Дядю Оттона-Георга видела она теперь гораздо реже. В последние годы он был болен. По большей части он сидел тихо и покачивал головой. Он никогда не говорил и только испускал иногда какие-то странные, нечленораздельные звуки, напоминавшие жуткий крик совы.
Летом только один раз он спустился к своим розам. Мария-Каролина шла с ним и поддерживала его. Шатаясь, шел он между кустами и смеялся, смеялся, как ребенок.
Он становился все слабее и слабее, и был тонок как хворостинка. Мария-Каролина очень плакала, когда он умер.
Годы проходили, — скончалась и ее высочество герцогиня. Мария-Каролина должна была исполнить большой церемониал и не имела много времени печалиться. Да и так мало знала она свою мать.

II.

Принцесса Мария-Каролина уже много лет несла представительство при дворе.
Каждый год были те же самые торжества: новогодний бал, который его высочество герцог открывал полонезом с ее высочеством принцессою Мариею-Каролиною.
Ее высочеству принцессе угодно было приглашать на кадриль тех же офицеров.
Три зимних обеда, и маленькое интимное придворное торжество в день рождения ее высочества с фейерверком и ее инициалами М. К. из цветов страны — зеленого и желтого. И шесть маленьких субботних вечеров в собственных покоях ее высочества, где дюжина офицеров гарнизона с молодыми дамами из придворного круга танцевали, а синьор Песталоцци учил их кадрили, которую надо было танцевать в костюмах в день рождения его высочества герцога.
Ежегодный базар в общественном собрании, где ее высочество встречали с букетом у подножия лестницы в ратуше, первый член комитета вел ее высочество по зале (Ее высочество никогда не умела соразмерить свою походку с походкою членов комитета общественного собрания), ее высочество занимала место на украшенной цветами страны трибуне, и тогда придворный актер господин фон Пельниц, принимавший благосклонное участие в торжестве, декламировал ‘Колокол’.

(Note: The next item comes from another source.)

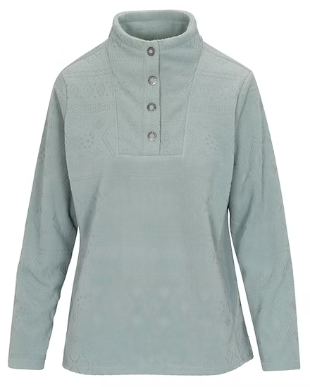 This cozy fleece mock neck is the perfect year round layering piece! In a gorgeous pale blue "Abyss" color with a simple yet eye catching textured pattern, this ultra soft fleece features a button up quarter neckline and pockets.
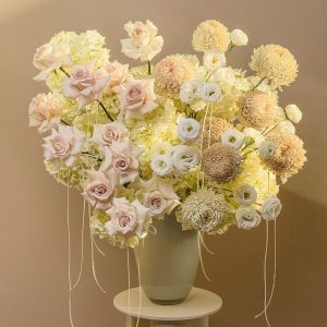 Elevate your space or celebration with Moonlit Botanica — a luxurious floral arrangement designed for refined tastes. This bouquet features pale pink and cream roses, white lisianthus, and soft beige chrysanthemums, artfully composed in a ceramic vase with cascading silk ribbons. Each bloom is hand-selected for its beauty and freshness, creating a poetic harmony of texture and tone. Perfect for weddings, upscale events, heartfelt gifts, or sophisticated home decor, this arrangement embodies timeless grace and artistic craftsmanship. Available for same-day delivery in Abu Dhabi and next-day delivery across the UAE, including Dubai, Sharjah, and Al Ain.

Господин фон Пельниц был единственный в зале, кто был не совсем тверд в ‘Колоколе’. Он вкладывал в свое чтение много пафоса, и на конце каждого стиха приподнимался на цыпочки. Господин фон Пельниц восполнял пробелы своей памяти тем, что испускал какой-то долгий, сплошной звук, напоминавший отдаленный гром, при этом вращал в воздухе своими руками, как крыльями ветряной мельницы.
Когда господин фон Пельниц кончал, — с каждым годом дольше приходилось ждать, пока господин фон Пельниц кончит с ‘ Колоколом — ее высочество говорила:
— Мне очень приятно.
Ее высочество очень охотно сказала бы больше, но она не кончала и, стесненная своими руками (Ее высочество постоянно, когда начинала говорить, имела такой вид, точно ей хотелось спрятать свои руки), она повторяла:
— Мне очень приятно. Как всегда, я очень рада.
Фон Пельниц кланялся и пыхтел, как кит.
С каждым годом фон Пельницу все тяжелее становилось декламировать ‘Колокол’, и раскаты грома в его чтении слышались все чаще.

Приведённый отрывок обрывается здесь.